Lesson 6: Nomenclature of Acids, Bases, & Salts

Here are some examples involving representative metals. Because each of these metals has only one possible oxidation state, which is equal to its group number in the periodic table, we don’t have to specify the metals positive charge in the name.

The next examples involve transition metals. These elements can have more than one positive ion, so the name must indicate which one it is. You can determine the positive charge by seeing how many hydroxide ions, each with a charge of minus one, it takes to make a neutral compound.

Another hydroxide compound that is basic is ammonium hydroxide. The ammonium ion, NH₄⁺ is the conjugate acid of ammonia, NH₃. But the ammonium ion is a very weak acid, while the hydroxide ion is a very strong base, so a solution of ammonium hydroxide is basic.

Ammonia itself, NH₃, is also a base. This molecule forms hydroxide ions when it dissolves in water by reacting with the water molecules.

In fact, solutions of ammonia in water and solutions of ammonium hydroxide in water are indistinguishable. Ammonia and ammonium hydroxide do, however, behave quite differently under other circumstances, as, for example, in their pure forms (ammonia is a gas and ammonium hydroxide is a solid) or when they are dissolved in solvents other than water.

Note that “binary” does not mean “only two atoms.” Binary acids can have more than two atoms, but they are atoms of only two different elements.

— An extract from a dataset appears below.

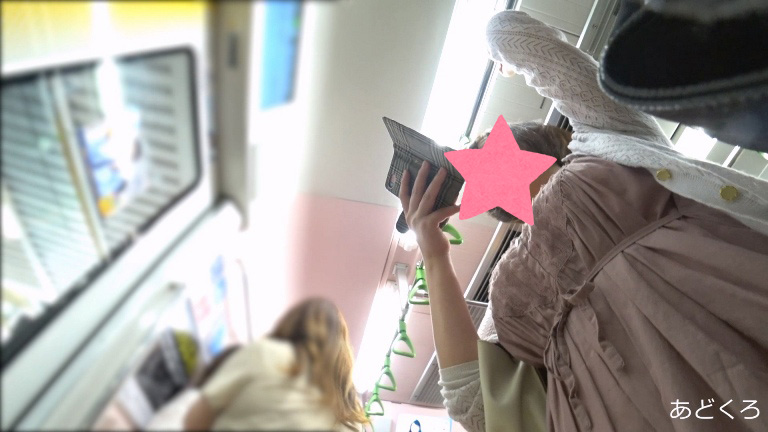 明らかに陰毛とわかるものが透けてしまい、丸見えになっています。電車内までついていく予定ではなかったのですが、これはもっと撮りたいと思い、一緒に乗車します。

Similarly, ternary acids can have more than three atoms, but they are atoms of only three different elements. Many ternary acids are also called “oxy-acids” because one of the three elements is oxygen.

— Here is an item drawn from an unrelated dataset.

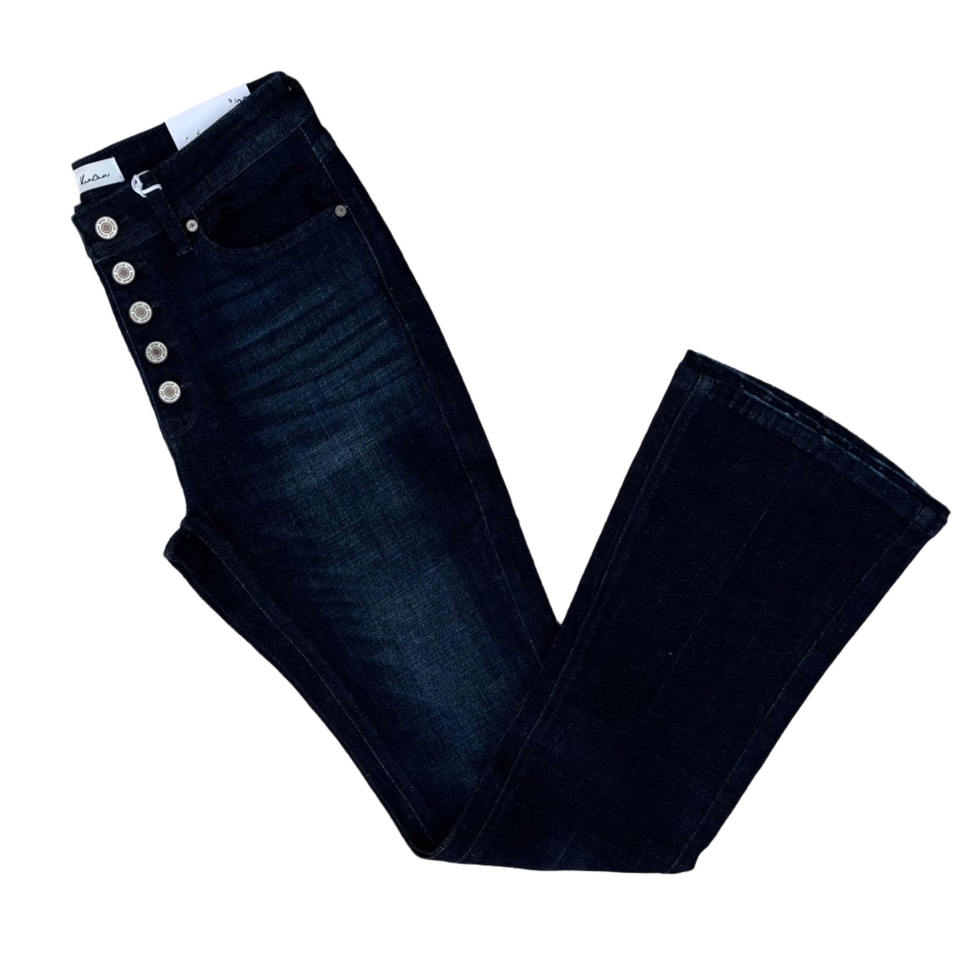 The Blaire High Rise Jeans come in a bootcut design with a petite fit featuring a gently faded wash and whiskering details. Sits above the natural waistline as it tapers down the thigh and begins to flare out at the calf. Made with soft stretch denim that moves with your body providing you with lasting comfort and style all day long. Features a classic five-pocket design and five-button front closure.

The names of the binary acids begin with the prefix “hydro,” followed by a root that is based on the name of the element the hydrogen is combined with, then the suffix “ic.” They end with the word “acid.” HCl, for example, would be hydrochloric acid.

Only the binary acids that involve the halogens (F, Cl, Br, and I) are commonly used as acids. These are hydrofluoric, hydrochloric, hydrobromic, and hydroiodic acids. H₂S is only weakly acidic in water, and so is usually referred to as hydrogen sulfide, while H₂O is not really an acid at all (though it can function as one when it reacts with a strong base), it’s just plain water. H₃N is actually a base not an acid. For this reason it is written instead as NH₃, which you should recognize as the formula of ammonia.

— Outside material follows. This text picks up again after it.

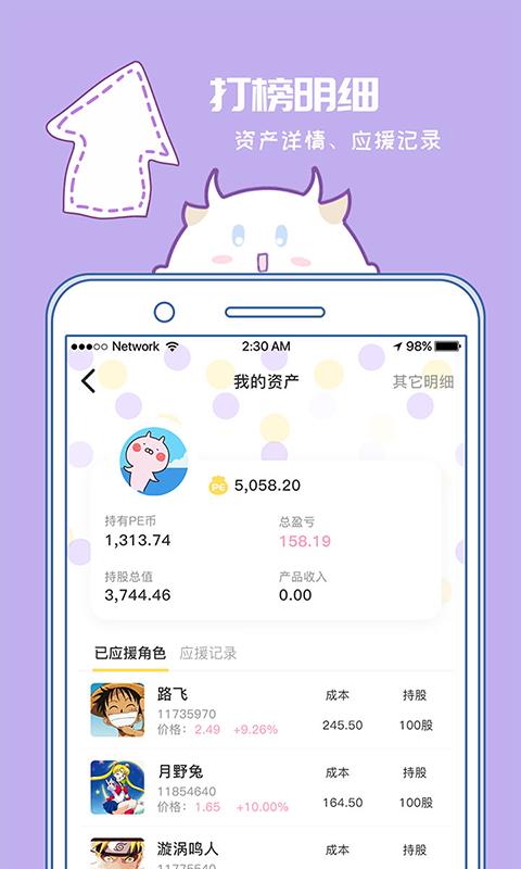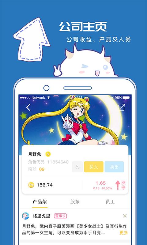 2、可以查看应援角色的所有资料,还能查看该公司的股市涨跌情况;

Ternary acids consist of a polyatomic ion combined with hydrogen. Their names of the polyatomic ions they contain. In general, the “ate” ending of the polyatomic ion is replaced with the “ic” ending and the word “acid” is added.

To name these acids, you must remember the name, the formula, and the charge of each of the common polyatomic oxy-ions you learned in Chemistry 104. They are acetate, carbonate, nitrate, phosphate, sulfate, and chlorate. The two additional polyatomic ions you studied were the ammonium ion and the hydroxide ion.

There are two exceptions to this general rule. The acid formed from the sulfate ion is called sulfuric acid, while the acid formed from the phosphate ion is called phosphoric acid. Note the addition of “ur” in the first name and “or” in the second.

Note also that in all of these ternary acid (oxy-acid) names, the prefix “hydro” is NOT used. Including the “hydro” prefix in the names of the ternary acids and leaving if off of the names of binary acids are common errors among beginning students of chemistry. The “hydro” prefix is used only with binary acids, never with ternary acids.

Most non-metal atoms that form polyatomic ions form more than one polyatomic ion. These ‘families’ of polyatomic ions all have the same charge, but different number of oxygen atoms. Nitrogen, sulfur and phosphorus each form two such polyatomic ions, while chlorine, bromine and iodine each form four.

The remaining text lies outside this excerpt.